Porcelain painters 18th century
Jean-Jacques Bachelier was a French painter and innovator of porcelain and a member of the Royal Academy of Painting and Sculpture.
Originally a still-life painter, he later became world-renowned for his significant contributions to applied art. In 1765, Bachelier founded an art and crafts school in Paris with his own funds. He was in charge of the painters at the porcelain manufactory in Vincennes, where figures were produced from unglazed porcelain - biscuit. For many years Bachelier was the Director of Sevres porcelain manufactory and in fact became the creator of the Sevres style.
Bachelier also conducted research on encaustic painting (a painting technique in which the binding substance of paints is wax) and published works on art education.
Johann Heinrich Bleuler the Elder was a Swiss landscape painter and engraver.
Bleuler the Elder first trained as a porcelain painter at the Kilchberg-Schooren porcelain manufactory near Zurich. In the early 1780s he settled in Feuertalen and became the founder of the dynasty of artists that is known as the "Bleulerische Malschule". His two sons, Johann Heinrich Bleuler the Younger (1787-1857) and Johann Ludwig Bleuler (1792-1850), also became artists and continued their father's work. And in total, there were up to 25 artists in the dynasty, including godchildren and other relatives.

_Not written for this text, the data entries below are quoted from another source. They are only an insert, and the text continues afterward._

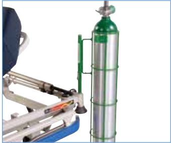
Vertical Oxygen Tank Holder product no. P27601 (Mounts in IV sockets)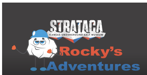
"Rocky" led video tours of the Strataca Underground Salt Museum with an HK Quick Grant

The pandemic has changed the way that programming is conducting, making virtual and "plan B" options a necessity. HK updated Humanities for All and Culture Preservation grant guidelines to encourage plans for virtual programming and a backup plan should stay-at-home orders be put into effect. HK's robust catalogs of Speakers Bureau presentations and TALK book discussions were quickly adapted for full-length online presentations. HK updated the online request forms to allow for an online presentation option so that program coordinators could easily plan their events. Upon hearing feedback that funds were a barrier to implementing Zoom or WebEx presentations, HK now provides funds to support a short-term Zoom or WebEx subscription. HK also created a document that provided instructions on how to set-up and run an online meeting via Zoom and other platforms to guide those who had no experience using that technology. 27 online events have reached an audience of 4,480.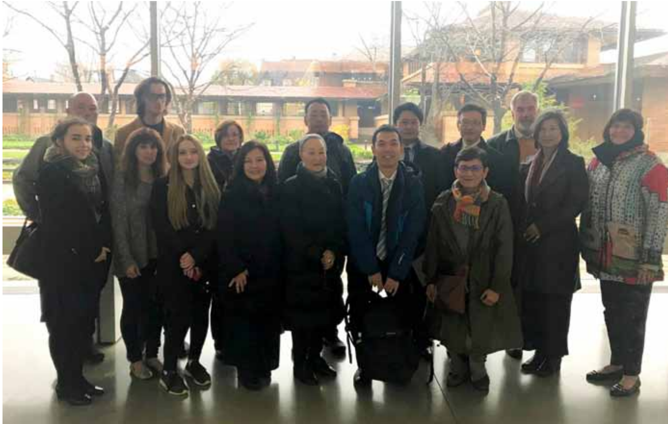
GUESTS FROM KANAZAWA, JAPAN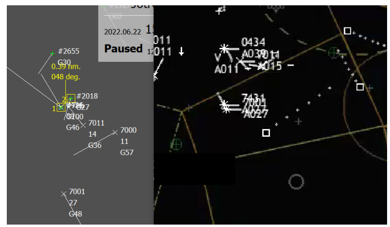
Figure 2 - 1551:28

At 1552:24, [the EV97] could be seen on radar 3NM west-southwest of Lasham, tracking northwestbound, and was observed to overfly a primary return, which was seen on the Heathrow Green, they got within 0.02NM, height unknown.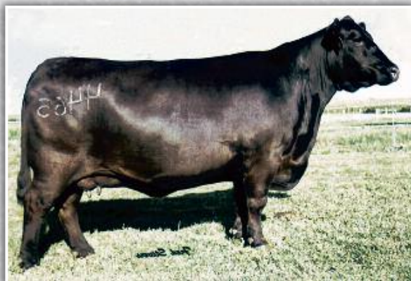
Ideal 4465 of 6807 4286

Maternal grandam of Lot 10 pregnancy and Lot 10A embryos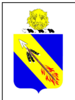
4 th Fighter Group

6: Veteran unit (Table M-4 DR +1, Initial). (4 th FG) D6: 1: Poor Cover. 2-4: Fair Cover. 5-6: Good Cover (and Poor Cover, Table M-4 +1, Initial and Successive, in Zone 5 if Outbound.)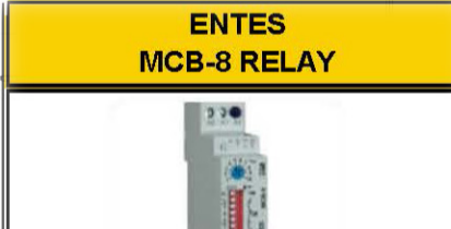
Part no: 20 ZR 003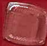
Plastic food trays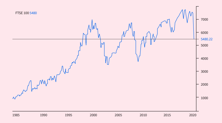
Chart: FTSE 100 from inception to March 2020 https://tradingeconomics.com/united-kingdom/stock-market Not the first FTSE 100 dip

Created in 1984 with a starting level of 1,000 points to provide a wider index of leading shares quoted in London, the FTSE 100 largely superseded the narrower Financial Times 30-share index launched in 1935. As a barometer of economic outlook and corporate prospects, the FTSE 100 has gauged a few storms over the past 36 years. A chart of its progress reveals a plethora of spikes and dips, the starkest of which can be associated with key events in recent financial history.

Bleuler the Elder created mainly landscapes of the Rhine, painted in gouache and watercolor, panoramic views of Swiss cities. He also worked as an art teacher.
Johann Baptist Drechsler was an Austrian floral artist. He was born into a family of porcelain painters and worked for ten years at the Viennese porcelain manufactory. He is known for his colorful floral still lifes, including fruit and birds.
Frédéric Théodore Faber was a Belgian landscape and genre painter. He established at Brussels a china manufactory, and abandoned painting on canvas for painting on porcelain. He also etched upwards of a hundred plates of landscapes and animals, some after his own designs.
A significant set of pieces painted by this virtuoso is exhibited at the Museum of Decorative Arts François Duesberg.
Johann Gregor Höroldt was a German porcelain artist who developed the Meissen porcelain style. Höroldt was trained as a miniature and enamel painter.
Between 1719 and 1720 he worked at the porcelain manufactory in Vienna, recently founded by Du Pacquier, and then moved to Meissen and began his collaboration with the Meissen Porcelain Manufactory. In 1724 he was appointed court painter. In 1731, Höroldt became an arcanist (a chemist, a key figure in porcelain production), and was simultaneously appointed head of the entire painting department and court commissioner.
Höroldt influenced virtually all European porcelain and faience manufactories. He specialized in the fashionable and popular chinoiserie design, but also introduced European landscapes, harbor and battle scenes, still lifes, and bird images as porcelain decoration.
The artist also significantly expanded the palette of colors used in Meissen: in the early XVIII century. was available only five paints for glaze, and Höroldt by 1731 increased the palette to 16 colors. He attached great importance and the original form for porcelain, trying to make it different from the usual dishes.
Georgius Jacobus Johannes van Os was a 19th-century painter from the Northern Netherlands. He was a son and pupil of the painters Jan van Os and Susanna de la Croix, and a brother of the painters Pieter van Os and Maria Margaretha van Os. In 1809 he won the first prize of the Society Felix Meritis in Amsterdam for a still life in which genre he later specialized. In 1822 he moved to Paris, where he worked for the Sèvres porcelain factory. He painted landscapes, but was, like his father, best known as a painter of flowers. Starting in the 1830s he spent his summers in Haarlem, where he continued working on flower illustrations for the "Flora Batava" edited by Jan Kops. He is not to be confused with the son of his brother Pieter, also a painter called Georgius Jacobus Johannes van Os, but who lived from 1805-1841 and continued the family painting tradition.